## EXERCISE BRIEF
Look through the entries below for the line with "vivo X300 Ultra价格来了 6999 起,顶配 8999。" and the line with "- Our Christmas", then give again exactly those two lines and all lines between them, minus the pictures.

## DATA FOR ANALYSIS
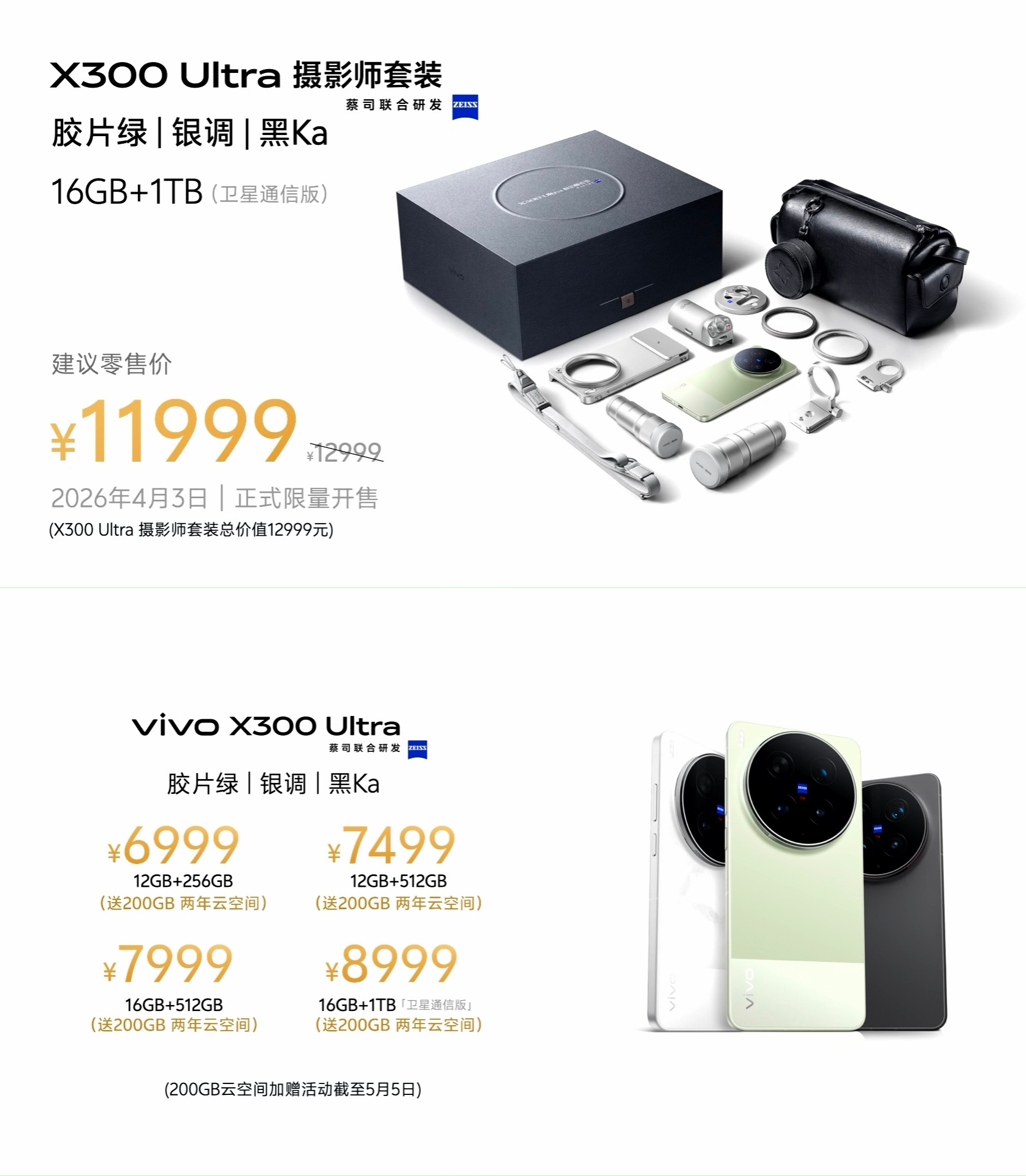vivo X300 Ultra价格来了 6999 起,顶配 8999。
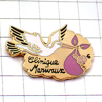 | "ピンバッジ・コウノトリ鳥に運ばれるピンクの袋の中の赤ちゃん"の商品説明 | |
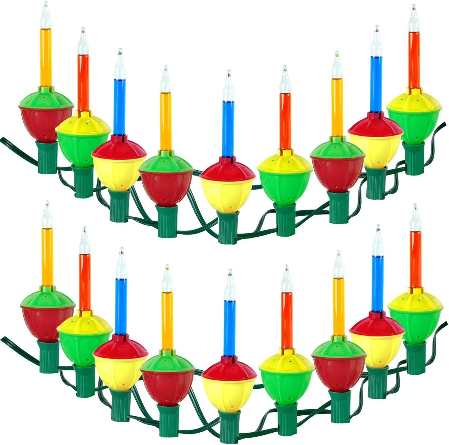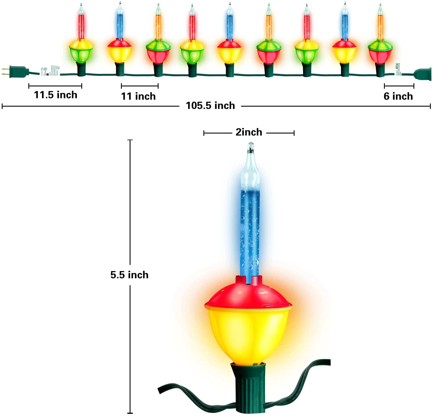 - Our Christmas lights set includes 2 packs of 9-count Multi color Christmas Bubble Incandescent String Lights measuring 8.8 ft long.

...

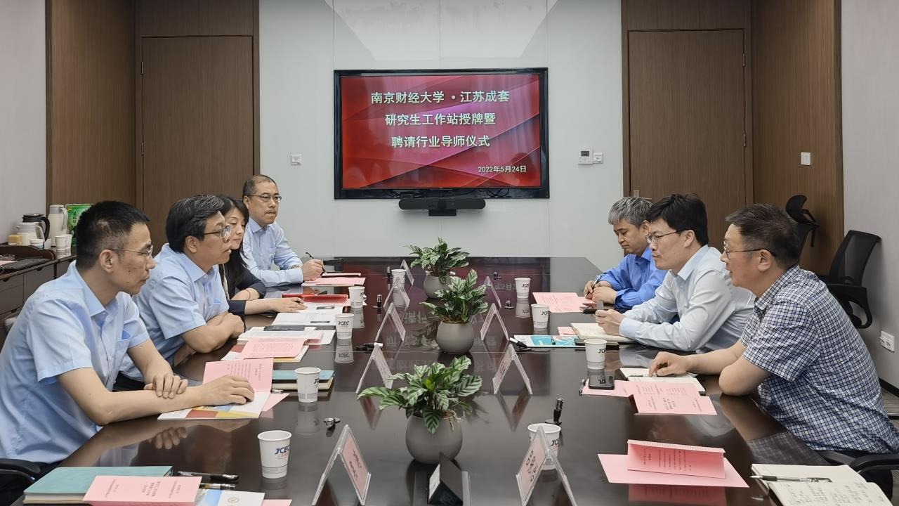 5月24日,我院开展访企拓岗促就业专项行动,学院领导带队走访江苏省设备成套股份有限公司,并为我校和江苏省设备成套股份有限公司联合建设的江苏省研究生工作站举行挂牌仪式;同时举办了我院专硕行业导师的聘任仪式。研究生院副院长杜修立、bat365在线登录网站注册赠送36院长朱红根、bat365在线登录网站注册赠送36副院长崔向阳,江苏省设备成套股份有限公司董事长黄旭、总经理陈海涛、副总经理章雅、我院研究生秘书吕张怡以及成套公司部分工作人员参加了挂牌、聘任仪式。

## ANSWER SPACE
vivo X300 Ultra价格来了 6999 起,顶配 8999。
 | "ピンバッジ・コウノトリ鳥に運ばれるピンクの袋の中の赤ちゃん"の商品説明 | |
 - Our Christmas lights set includes 2 packs of 9-count Multi color Christmas Bubble Incandescent String Lights measuring 8.8 ft long.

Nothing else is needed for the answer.